7. The energy-efficient VSS method based on hybrid matching of claim 6, wherein when the memory cells are multi-level cells (MLC), each of the plurality of memory cells comprises a first sub-memory cell and a second sub-memory cell, and the method further comprises expanding five state encodings corresponding to the threshold voltage and the search voltage to eight state encodings, the eight state encodings adding “0x”, “x1”, and “1x” states to a basis of the five state encodings, wherein “x” represents a don't care state.
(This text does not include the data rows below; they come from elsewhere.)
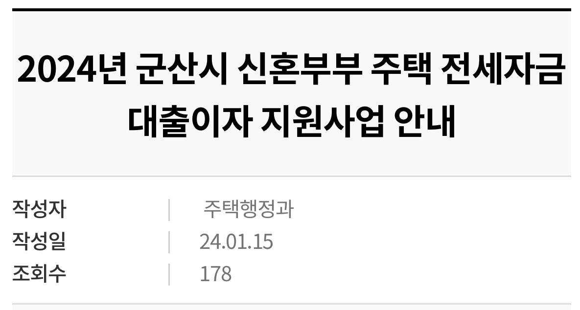 군산시는 무주택 신혼부부의 주거마련 비용 부담 완화를 위해 전세자금 대출이자를 지원하고자 다음과 같이 공고한다고 밝혔습니다.
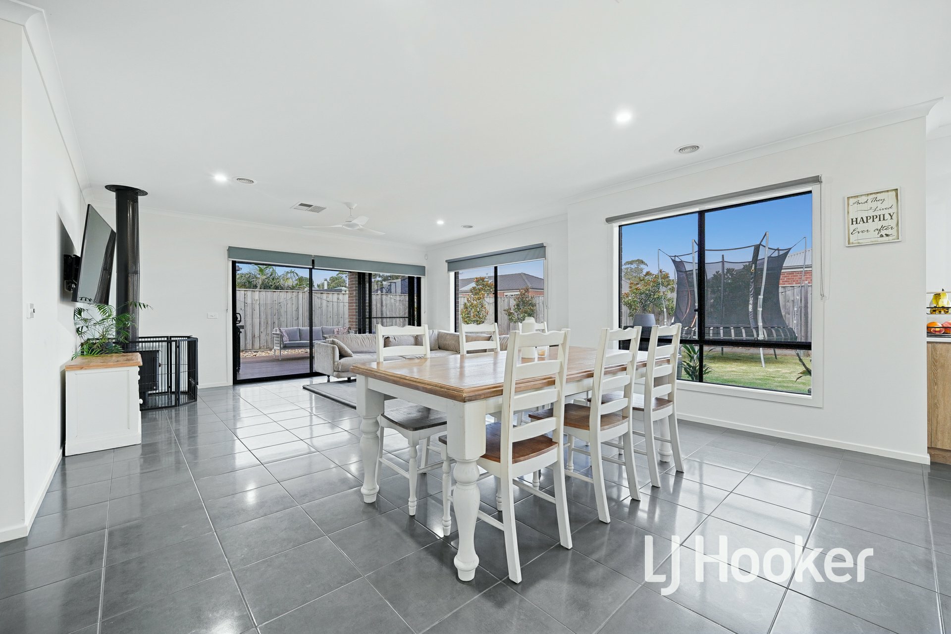 - Multiple living zones to suit the entire family, including a formal lounge/home theatre and a huge open-plan family and meals area, complete with tiled flooring and a cosy wood heater.
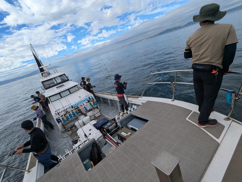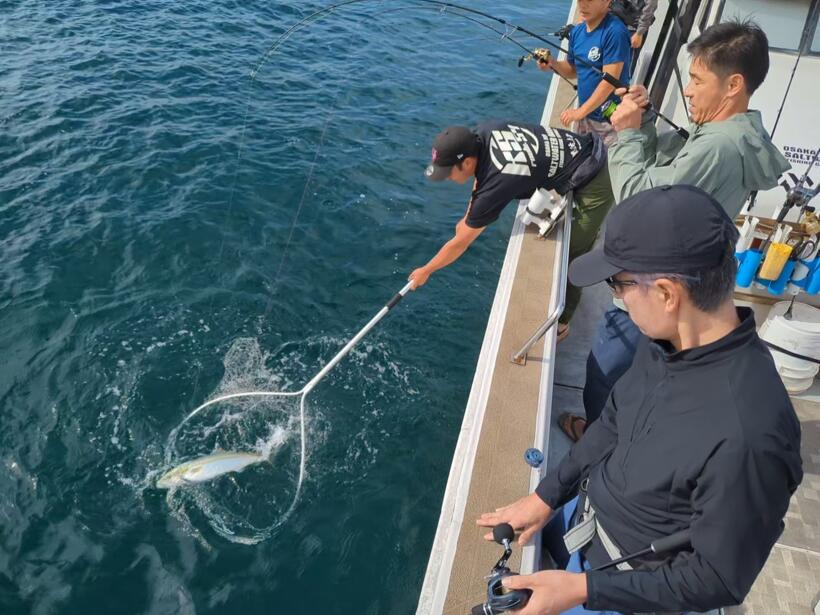 さらに別のお客さんもヒット!「慎重に!巻いて巻いて!」青物はよく走る(針を外そうとしてよく泳ぐ)ため、近くの人がヒットしたら素早く仕掛けを回収してオマツリ(糸同士が絡まること)を避けます。
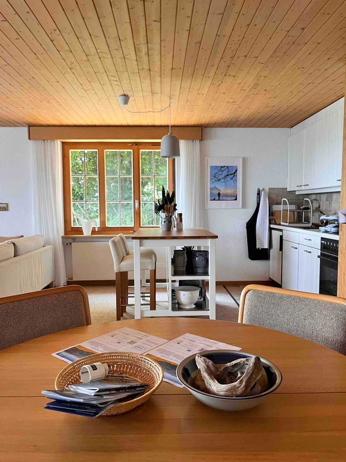 Alójate en un encantador chalet suizo construido en 1927 por mi bisabuelo. Disfruta de unas vistas impresionantes del lago Thun, las montañas y el castillo de Oberhofen. El apartamento tiene 2 dormitorios, una cocina completa, una acogedora sala de estar y un gran balcón. Cerca de Thun, Interlaken y zonas de esquí y senderismo, con tiendas, restaurantes, piscinas y centros de bienestar cerca. ¡Perfecto para relajarse o vivir aventuras durante todo el año! Recibirás la tarjeta Panorama, que ofrece varios descuentos y transporte público gratuito en la zona
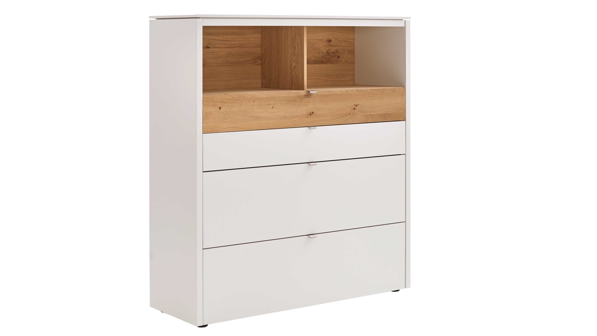 Optiwhite, Asteiche & Riss-Eiche – zwei Türen, eine Schublade

8. The energy-efficient VSS method based on hybrid matching of claim 7, wherein the eight state encodings further exclude a state “xx” to reduce interference in a current distribution of the AS mode.
9. The energy-efficient VSS method based on hybrid matching of claim 6, further comprising shifting the search voltages applied to the memory cells in the second portion downward by one overdrive (OD) voltage level to compensate for current distortion generated in the first portion and reduce the conduction current.
10. The energy-efficient VSS method based on hybrid matching of claim 6, further comprising performing filtering-aware training (FAT) to train a controller to generate the query vector, wherein the FAT comprises:
initializing weights of the controller based on an inter-class variance and an intra-class variance of a set of support vectors;
using a sigmoid function through differentiation in a backpropagation path to simulate discontinuous filtering behavior of the first portion to generate gradients; and
updating the weights of the controller based on the gradients.